One of the hives at Larnoo, near Ghin Ghin.

The hives

Two hives, started in December 2025. They sit on my uncle's property — Larnoo — in the hills near Ghin Ghin, about an hour north of Melbourne.

The location is good. Open farmland, a creek line, and native bush backing onto the ranges. The bees have a lot of country to work.

I'm keeping good records, checking the brood, and watching what the colonies do season to season. The plan is to add supers when they're strong enough and expand from there.


The honey

Raw and unfiltered. It goes through a coarse strain to remove wax and debris, but nothing that takes anything useful out of it. No heating, no blending with other sources.

What it tastes like depends on when it was pulled. The spring harvest tends to be lighter and more floral — the bees hit wattle and native shrubs coming out of winter. Summer is deeper and more complex.

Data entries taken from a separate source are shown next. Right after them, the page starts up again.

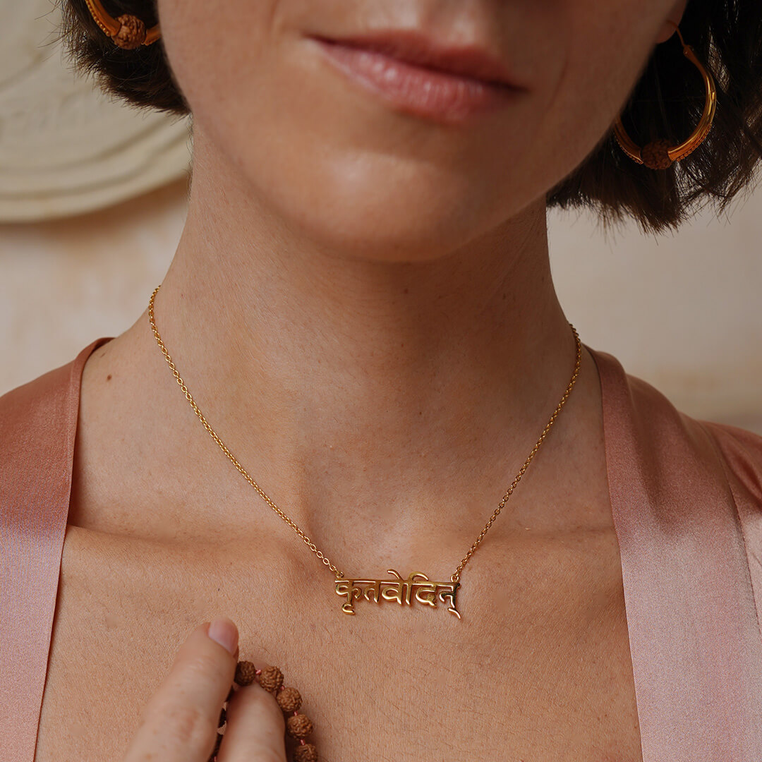 The ‘Grateful’ Sanskrit Mantra Necklace is an embodiment of this sublime expression. Gratitude, after all, is not just a fleeting emotion. It’s a personal truth, a perspective that sees life as a gift teeming with endless possibilities that inspire thankfulness. Gratitude does not just imply greatness, it creates it. Crafted with the Sanskrit word for ‘Grateful’, this delicate necklace serves as a daily reminder of the importance of gratitude in our quest for true happiness. Every time you look at it, you’ll be reminded to appreciate the beauty of life’s gifts, to open your heart to others, and to embrace the greatness that gratitude brings. Say it with love. Say it with power. Say it in Sanskrit.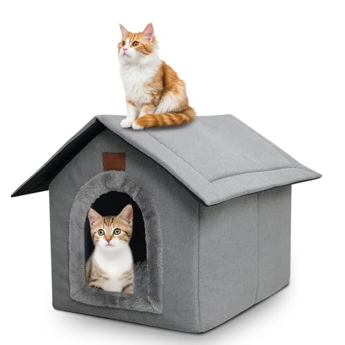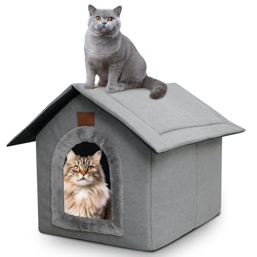 Maison pour Chat Hiver, Niche pour Chat Exterieur isolée Hiver, abri pour Exterieur avec cabane, Niche Chat Exterieur résistante pour Chiens, Chats, Lapins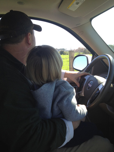 I love the way you love “driving” the truck on the farm with your daddy.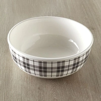 Serve in style with this Plaid Entertaining Collection. All pieces feature a black and white plaid print. Made of sturdy stoneware, they’re great for family gatherings, special occasions and ordinary meals. The Serving Bowl is a serving piece you can’t do without. 11-1/4″ dia. x 4-1/4″HStonewareMicrowave and dishwasher safe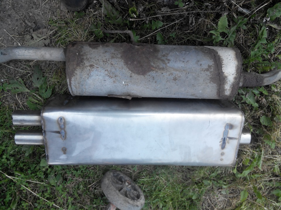 И заварил все к такой-то матери. Глушитель получился скажем несколько больше стока. Для понимания его габаритов сравнил с глушаком от 1,8 (у мишки банки более габаритные, чем у 1,8, поэтому с мишкиным глушителем разница будет меньше).

It will granulate eventually. That's normal — it means nothing has been done to it. Sit the jar in warm water to bring it back, or just eat it as it is.

Supply is genuinely small. Two hives don't produce a lot. When it's gone, it's gone until the next pull.


Country near Larnoo

The country around Larnoo — river flats, hills, and high country.

The country

Larnoo is in the Yea River corridor — rolling country between the ranges and the flats, with red gums along the creek and stringybark bush climbing the ridge behind the house.

The Goulburn River winds through the landscape. The area gets cold winters and warm summers, and that seasonal difference shows up in the honey. Each pull is a record of what was flowering and what the bees decided was worth working.